5. The federal learning method for use in internet of vehicles according to claim 4, wherein the solving the objective function comprises:

converting the objective function into a markov decision process;

and adopting a TD3 algorithm to solve the Markov decision process.

6. The federal learning method for use in internet of vehicles according to claim 2, wherein the leader node is a vehicle having the longest residence time within the coverage of the server.

7. The federal learning method for use in internet of vehicles according to claim 6, wherein if the leader node does not respond, a vehicle having a residence time inferior to the longest residence time is selected as a new leader node.

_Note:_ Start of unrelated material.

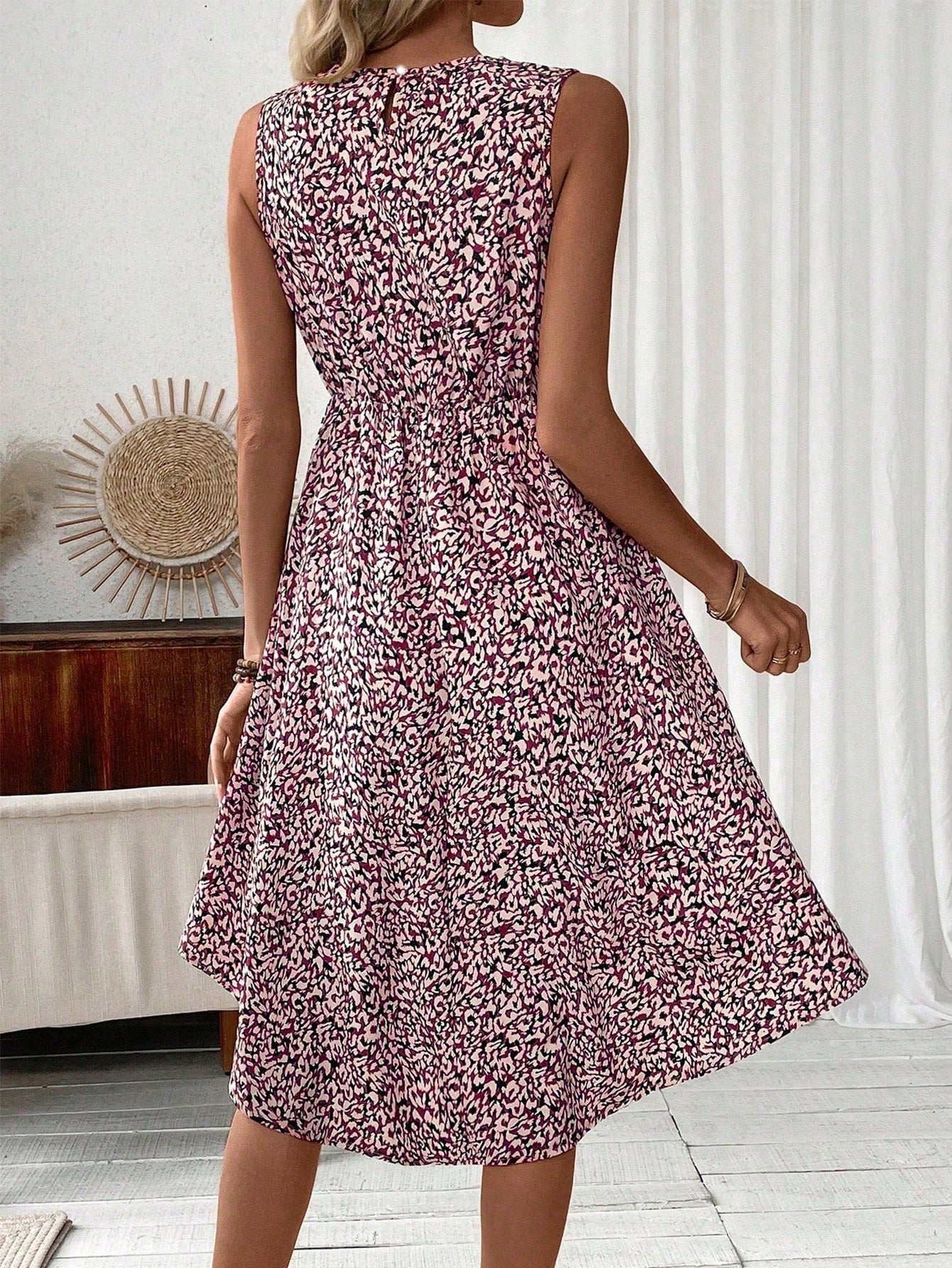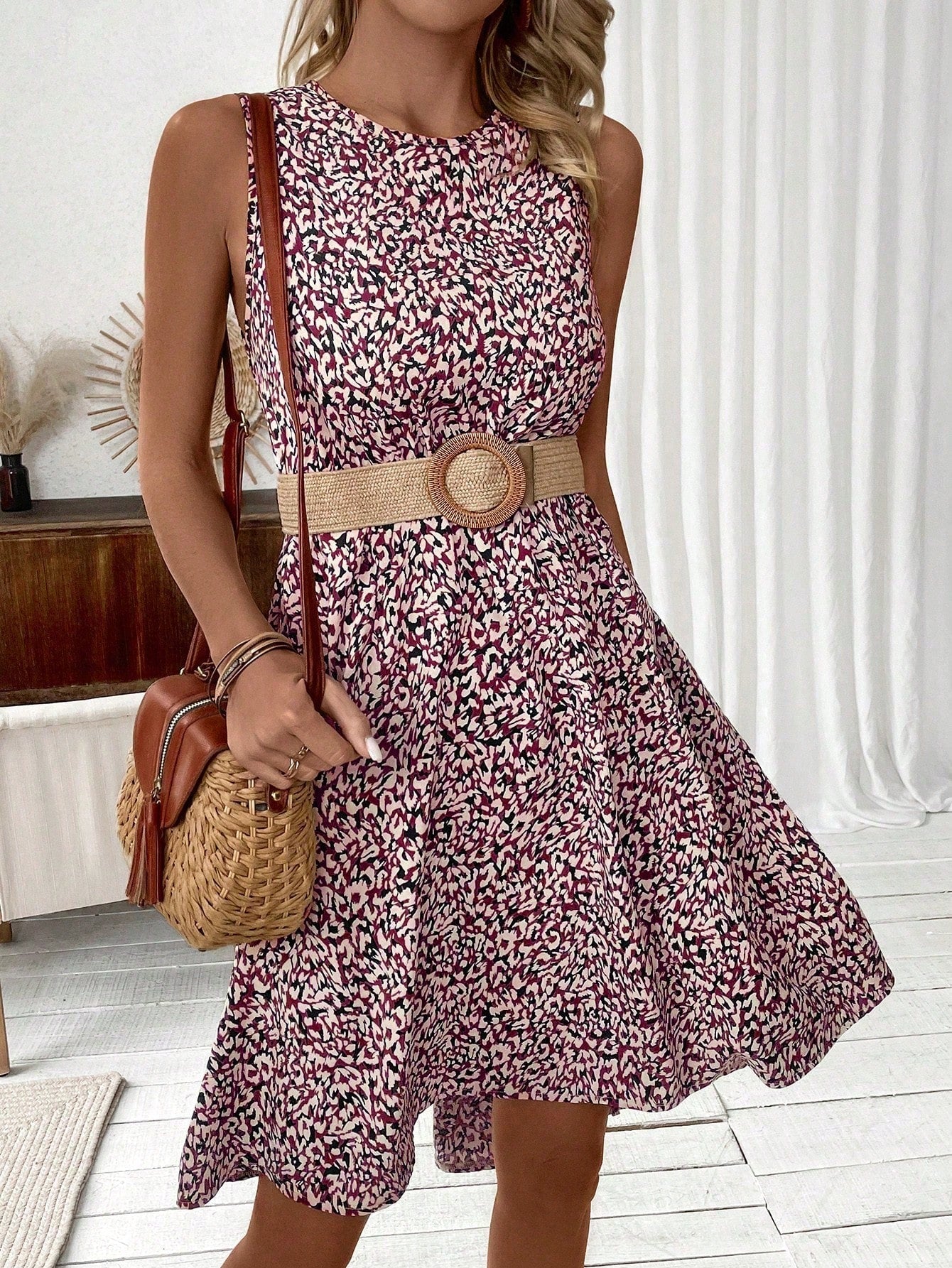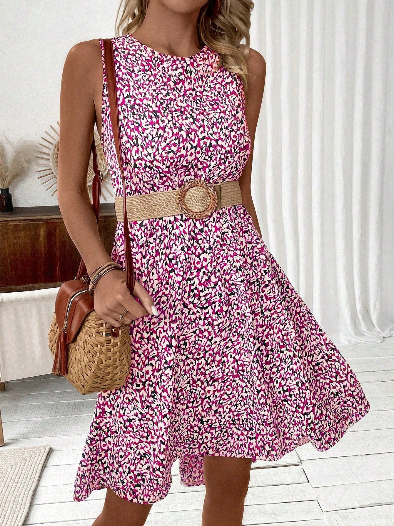 Abito Senza Maniche Con Stampa Completa Per Donna Senza Cintura Alla Vita

8. Be applied to car networking's federal learning device, its characterized in that is applicable to car networking cluster formula federal learning network model, car networking cluster formula federal learning network model includes: a server and a plurality of vehicles located within a coverage area of the server; the vehicles are divided into a plurality of vehicle clusters, and each vehicle cluster has at least one vehicle as a leading node; the server is used for receiving and aggregating the vehicle cluster model parameters of the current wheel sent by the vehicle cluster participating in the training of the current wheel to obtain the global model parameters of the next wheel; the leading node of the vehicle cluster participating in the current wheel training is used for receiving local model parameters of the current wheel sent by all vehicles in the vehicle cluster, carrying out aggregation to obtain the vehicle cluster model parameters of the current wheel, and uploading the vehicle cluster model parameters to the server; the vehicles of the vehicle cluster participating in the current wheel training are used for training a local model according to the global model parameters of the current wheel issued by the server, so as to obtain the local model parameters of the current wheel, and the local model parameters are sent to the leading node;

The federal learning device applied to the internet of vehicles comprises:

9. An electronic device, comprising: at least one control processor and a memory for communication connection with the at least one control processor; the memory stores instructions executable by the at least one control processor to enable the at least one control processor to perform the federal learning method for use in the internet of vehicles of any one of claims 1 to 7.

10. A computer-readable storage medium storing computer-executable instructions for causing a computer to perform the federal learning method for use in the internet of vehicles according to any one of claims 1 to 7.